Несчастная утонула.
– Слушаю.
Я сообщил необходимые координаты.
– Кто говорит? – донеслось из трубки.
– Благонадежный гражданин.
– Кто? – повысила тон женщина. – Имя, фамилия, адрес проживания.
Я молча отсоединился и пошел в машину.
Вся эта история начинала мне нравиться все меньше и меньше. До сих пор я еще никогда не утаивал от милиции какие‑либо сведения о себе.
Выслушав мой отчет, Нора забрала диктофон и сказала:
– Прекрасно, иди обедать. Завтра продолжишь.
Решив расставить точки над «i», я попробовал посопротивляться:
– Нора, мне совершенно не по душе то, чем я занимаюсь, не говоря уже о том, что выступать в роли анонима совершенно противоречит всем моим моральным принципам.
– Иногда, – спокойно заявила хозяйка, – приходится поступаться принципами.
– Но до сих пор у меня не было нужды делать это!
– Все когда‑нибудь происходит в первый раз.
– Мне это не нравится…
– Вава, – прищурилась Элеонора, – если хочешь уволиться, милости прошу. Конечно, я к тебе привыкла, и ты меня устраиваешь, но незаменимым специалистом ты не являешься, а когда услышат про зарплату, смею тебя уверить, очередь из претендентов выстроится до Кольцевой дороги.
Я молчал.
– И потом, – улыбнулась хозяйка, – прикинь, что с тобой сделает Николетта, когда сообразит, что из‑за того, что сынок потерял место, она больше не сможет устраивать файф‑о‑клоки и журфиксы. Ей‑богу, как представлю ее гнев, делается тебя жаль. Поэтому от души советую: иди спокойно поешь, отдохни, почитай про хоббитов, а завтра с новыми силами за работу. Ступай, дружочек, не зли меня.
Я молча вышел в коридор. Вот змея, нашла самое уязвимое место и ужалила именно в него. Николетта – это моя матушка. Не успели мои мысли потечь в совершенно ином направлении, как зазвонил телефон. Я похлопал себя по карманам, выудил крохотный пищащий аппаратик, откинул крышечку.
– Слушаю вас.
– Вава, – раздался высокий, пронзительный голос, – голубчик, где ты?
Я невольно вздрогнул. Стоит нечистого помянуть, как он тут как тут. На том конце провода злилась Николетта. Вообще‑то моя маменька носит имя Вероника, но оно ей показалось слишком простым, поэтому на всех афишах фигурировала Николетта Адилье. Фамилию Подушкина матушка категорически носить не хотела, собственная, Адилье, казалась ей более подходящей.

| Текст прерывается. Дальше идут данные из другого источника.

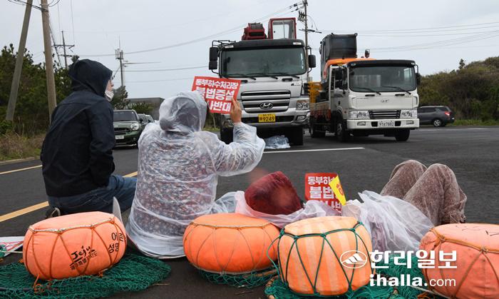 제주시 구좌읍 월정리 해녀회와 동부하수처리장 반대 비상대책위원회 4일 오전 동부하수처리장 정문 앞에서 공사차량을 막아서는 시위를 벌였다. 이로 인해 자재를 반입하려는 공사 차량이 하수처리장으로 진입하지 못했다. 시공사 측은 전날에도 자재 반입을 시도했지만 시위에 막혀 하지 못했다.

Хотя, если вдуматься, то поступила она очень глупо. Ее дальним предком был солдат наполеоновской гвардии, замерзавший в 1812 году на Смоленской дороге. Войска Кутузова гнали захватчиков назад, в Европу, стоял жуткий мороз, и хилые европейцы, одетые в тоненькие сюртучки и обутые в сапоги, полками гибли от холода, наши же войска, имевшие на ногах валенки, а на плечах, скорей всего, тулупы, двадцатиградусный мороз воспринимали легко.
Может быть, и погиб бы несчастный Пьер, но в деревеньке с веселым названием Большая Грязь нашлась добрая баба Марфа, пожалевшая чернявого парня с горбатым носом. Так на Руси появилась семья Гадилье, потом первая буква потерялась, и осталось Адилье. Следовательно, маменька моя из крестьян, и ее брак с представителем славного древнего рода дворян Подушкиных следует считать жутким мезальянсом.
Но все знакомые считали маменьку тонкой натурой, человеком сильных эмоций, что, в общем‑то, верно. Почти все актрисы – истероиды. Только, пожалуйста, не надо считать, будто я оскорбляю племя лицедеев и называю представителей прекрасного пола истеричками.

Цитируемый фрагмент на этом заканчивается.